## WHAT YOU WILL DO
The line with "This SAE Standard" marks the first line to copy, and the line with "Trận mưa lớn" marks the last. Transcribe that stretch of the data below exactly, without pictures.

## THE DATA
■ ■ ■ ■
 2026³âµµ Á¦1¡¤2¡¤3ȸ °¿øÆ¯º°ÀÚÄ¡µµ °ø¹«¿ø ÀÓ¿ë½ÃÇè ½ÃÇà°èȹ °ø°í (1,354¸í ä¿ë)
■ ■ ■ ■
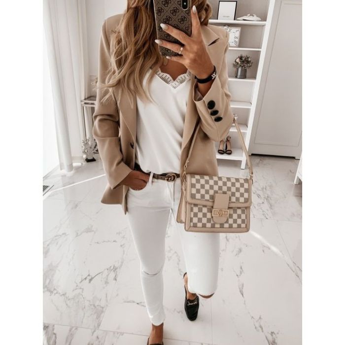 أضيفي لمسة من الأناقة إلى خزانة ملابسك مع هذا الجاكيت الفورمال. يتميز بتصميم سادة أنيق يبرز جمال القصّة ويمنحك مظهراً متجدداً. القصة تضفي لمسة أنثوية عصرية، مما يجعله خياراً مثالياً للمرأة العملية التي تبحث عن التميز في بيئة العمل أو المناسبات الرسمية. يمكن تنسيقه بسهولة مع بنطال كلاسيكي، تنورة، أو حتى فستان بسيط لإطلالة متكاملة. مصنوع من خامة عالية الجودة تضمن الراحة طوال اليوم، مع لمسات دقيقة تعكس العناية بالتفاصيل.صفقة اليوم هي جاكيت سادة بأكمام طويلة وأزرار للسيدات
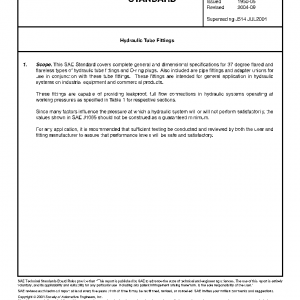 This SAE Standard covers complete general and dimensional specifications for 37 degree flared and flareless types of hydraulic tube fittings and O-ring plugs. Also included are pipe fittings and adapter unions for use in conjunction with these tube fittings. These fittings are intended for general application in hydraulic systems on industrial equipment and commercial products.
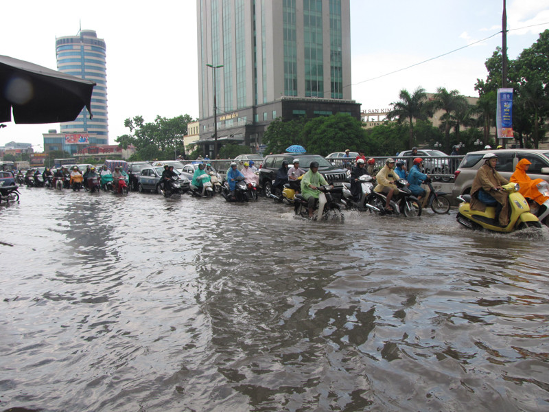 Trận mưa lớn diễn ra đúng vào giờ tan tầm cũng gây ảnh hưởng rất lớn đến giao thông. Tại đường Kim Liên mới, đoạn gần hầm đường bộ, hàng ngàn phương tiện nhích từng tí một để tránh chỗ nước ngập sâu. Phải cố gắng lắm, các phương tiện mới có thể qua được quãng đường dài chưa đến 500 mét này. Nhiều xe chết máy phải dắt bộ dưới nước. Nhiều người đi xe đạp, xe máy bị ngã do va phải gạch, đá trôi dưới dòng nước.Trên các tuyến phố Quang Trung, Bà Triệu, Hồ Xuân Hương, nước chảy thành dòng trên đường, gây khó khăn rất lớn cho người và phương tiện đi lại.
■ ■ ■ ■
## SOLUTION TO THE EXERCISE
 This SAE Standard covers complete general and dimensional specifications for 37 degree flared and flareless types of hydraulic tube fittings and O-ring plugs. Also included are pipe fittings and adapter unions for use in conjunction with these tube fittings. These fittings are intended for general application in hydraulic systems on industrial equipment and commercial products.
 Trận mưa lớn diễn ra đúng vào giờ tan tầm cũng gây ảnh hưởng rất lớn đến giao thông. Tại đường Kim Liên mới, đoạn gần hầm đường bộ, hàng ngàn phương tiện nhích từng tí một để tránh chỗ nước ngập sâu. Phải cố gắng lắm, các phương tiện mới có thể qua được quãng đường dài chưa đến 500 mét này. Nhiều xe chết máy phải dắt bộ dưới nước. Nhiều người đi xe đạp, xe máy bị ngã do va phải gạch, đá trôi dưới dòng nước.Trên các tuyến phố Quang Trung, Bà Triệu, Hồ Xuân Hương, nước chảy thành dòng trên đường, gây khó khăn rất lớn cho người và phương tiện đi lại.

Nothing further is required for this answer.